Investing in Technology is Essential to Business Progress: Determine Your Funding Model
By Irv Rothman, President and CEO, HPE Financial Services
Ask any CEO what is demanded from them today and we’re likely to say business transformation. From the largest Fortune 100 to the mom-and-pop shop around the corner, there is a clear imperative to innovate. As has been widely acknowledged, technology is a strategic lever for business progress. It is the nature of strategy; however, investment is required for implementation—and therein lies the challenge.
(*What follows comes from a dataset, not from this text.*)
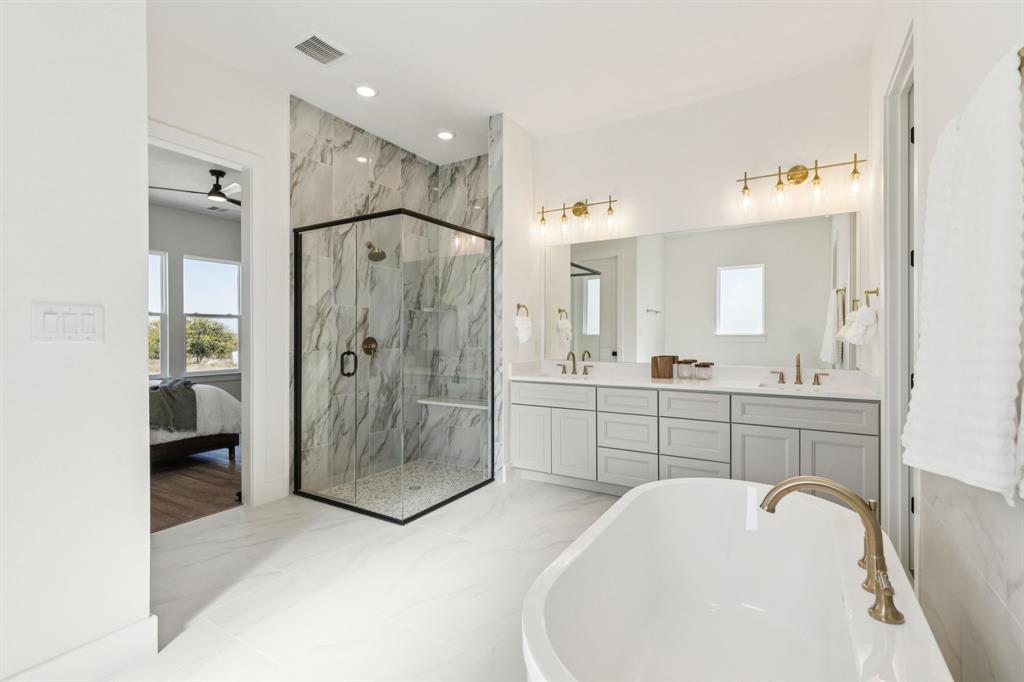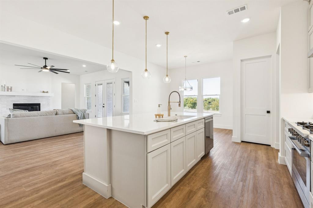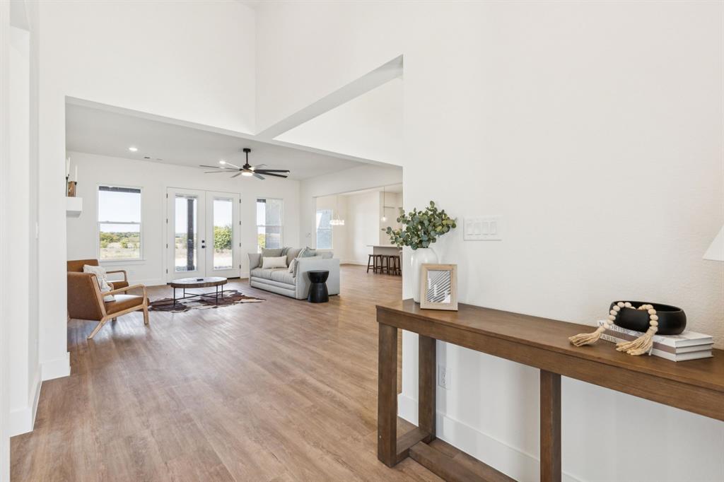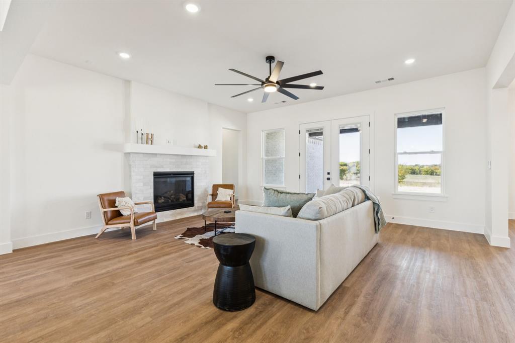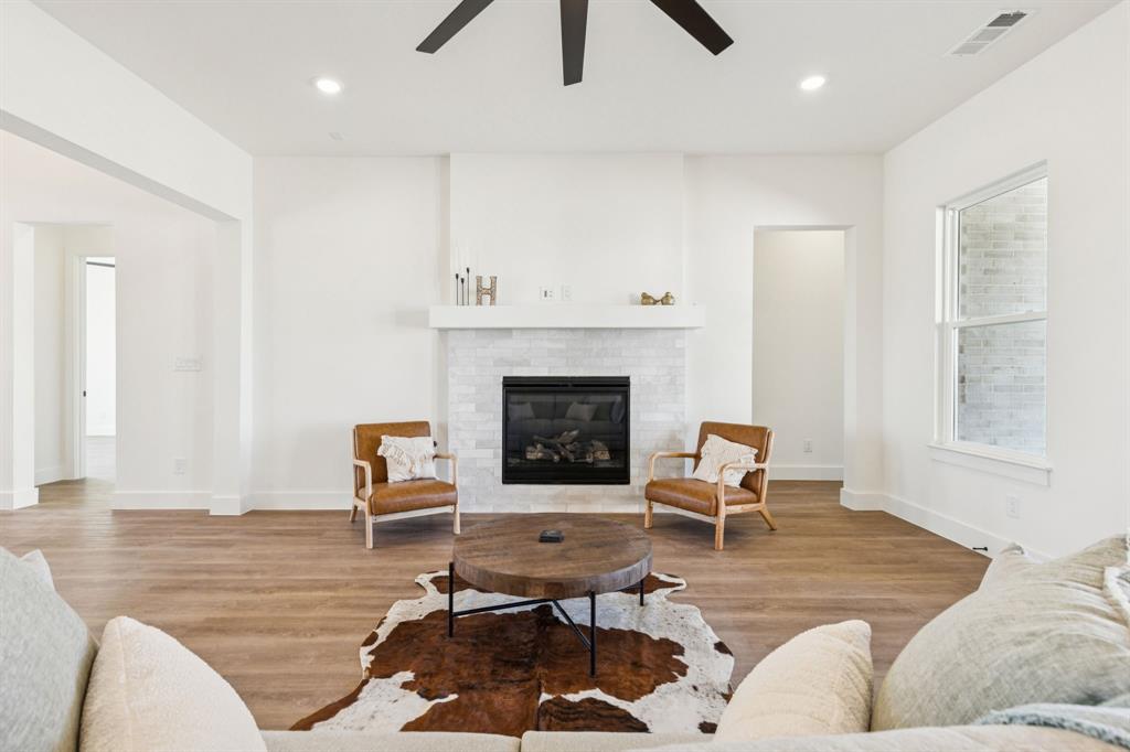 Elevated country living outside of city limits welcomes you to this exceptional 2-acre estate in one of Justin’s most sought-after luxury communities, where timeless Texas charm meets elevated modern design. Built by Homeroots Luxury Homes, this custom masterpiece blends architectural sophistication with warm, inviting interiors. Inside, you’ll find wide-plank wood flooring, soaring ceilings with handcrafted beams, and designer lighting throughout. The spacious layout includes 4 bedrooms, three full baths, a half bath, and spacious living spaces with additional room upstairs ideal for a dedicated office space, media, 5th bedroom, or game room option. Heart of the home is the gourmet kitchen, truly a chef’s dream, showcasing quartz Bianca Carrara countertops, sharp white shaker cabinetry, honed herringbone marble mosaic backsplash, Bosch stainless steel appliances, deep single basin sink, pendant lighting, & oversized island ideal for hosting. The living area features a striking fireplace showcasing honed marble tile and expansive views leading to the oversized covered patio—perfect for relaxing or entertaining in style. Primary suite is an oasis with deep soaking tub, stunning gold fixtures, and bianca carrara quartz. Step outside and enjoy the expansive acreage, complete with a detached shop, outdoor fireplace, and generous space with animal-friendly zoning, hobbies, or future enhancements. The extended 3-car garage adds storage and functionality. Additional highlights include a low 1.3% tax rate, animal-friendly property, and no HOA restrictions—offering the freedom to truly make this your own country oasis. Ideally located just minutes from Tanger Outlets, elevated shopping & dining, & just 35 minutes from DFW Airport this estate is more than just a home—it’s a lifestyle of serenity, sophistication, and space to live freely while having access to incredible amenities.

Truth is, funding transformation is not so easy. Innovating beyond the limits of incremental IT investments and small budgets is complex, time-consuming, and unpredictable. I often speak with organizations in the midst of this quandary. These are well-established companies (like yours, no doubt) with experienced leadership, satisfied customers, and stakeholders eager to move ahead. When it comes to developing a funding model to drive IT transformation, the question I typically hear is “How do I get started?”
Though industry disruption (aka the “Uber effect”) may grab your attention, what you’re additionally up against is the competitor next door. Easy to forget amid the hubbub and media buzz, competitive disruption can quickly snap up your market share. IT budgets are growing at a snail’s pace—two percent of annual revenue on average. Despite the need to fund innovation, the majority continues to disappear into the money pit known as legacy IT. This means you have to be as inventive as possible in creating financial capacity for new IT investments.
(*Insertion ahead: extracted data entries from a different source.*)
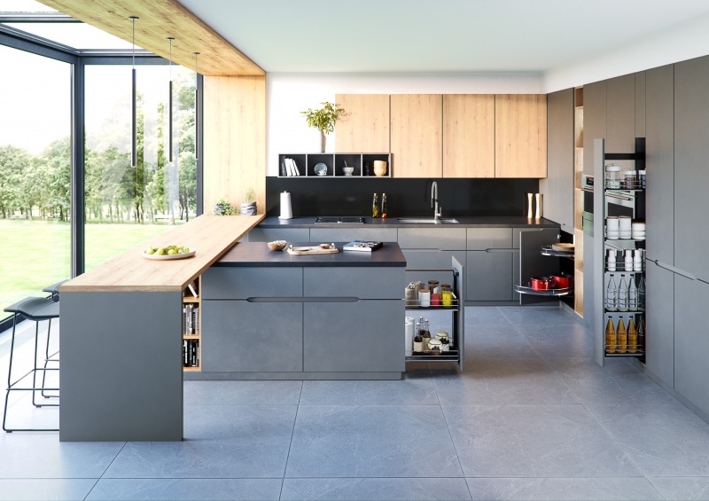 Wybrane produkty REJS, takie jak uchwyty, kornery, carga i szuflady dostępne są obecnie w uniwersalnej powłoce chromowej, ale także w czystej bieli, głębokiej matowej czerni lub antracycie. Co ważne np. w przypadku systemów do szafek narożnych Corner Comfort i Corner Front, w czerń ubrane są nie tylko płyty stanowiące dna półek, ale również stelaż. Podobnie systemy szuflad Slim Box, które wyróżniają się wyjątkowo cienkimi boczkami, utrzymane są w modnej ciemnej szarości w całości. Podobnie zresztą jak dedykowane tej linii organizery i szklane wstawki frontowe. Tak skonstruowana oferta pozwala dobrać akcesoria do każdej zabudowy, bez obaw o niepotrzebne dysonanse.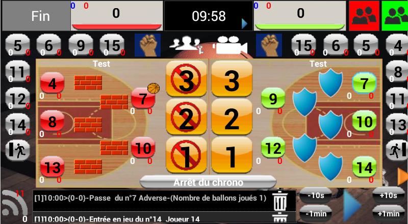 A simplified interface, adapted to team statistics (ball won/lost, fault and shooting)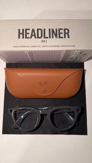 Gafas inteligentes Ray-Ban Meta Headliner. En caja original. (usadas 1 vez) - Montura marrón. - Lentes de transición - Incluye funda y paño de limpieza. Cámara ultra ancha de 12 MP para fotos y vídeos inmersivos. Audio direccional con 5 micrófonos y altavoces abiertos. Control táctil y por voz Meta AI: captura y gestiona contenido manos libres. Autonomía ampliada con funda de carga portátil: hasta 8 cargas adicionales. Diseño headliner en color marrón con acabado premium. Cristales polarizados de transición: bloquean reflejos y deslumbramiento, mejorando la visión.

The traditional one-size-fits-all model has given way to more flexible options for you to acquire, pay for, and use IT. The good news is that your organization is likely sitting on an investment base that can be monetized to transform legacy IT. The process of doing this moves your IT from a complex mass of application entanglements (known as “technical debt” by most CIOs) to an innovation engine. Together with investment strategies structured around your KPIs, fixed budgets open up to become virtual and expanded budgets that fuel growth. Risk can be managed, costs matched to revenue, balance sheets better optimized, and true cost of use established.
Determining which funding model will serve your business best can be a complicated question. As a fellow business leader, I can tell you the process won’t be easy. But it will be worth it. Bear in mind, every journey begins with the first step.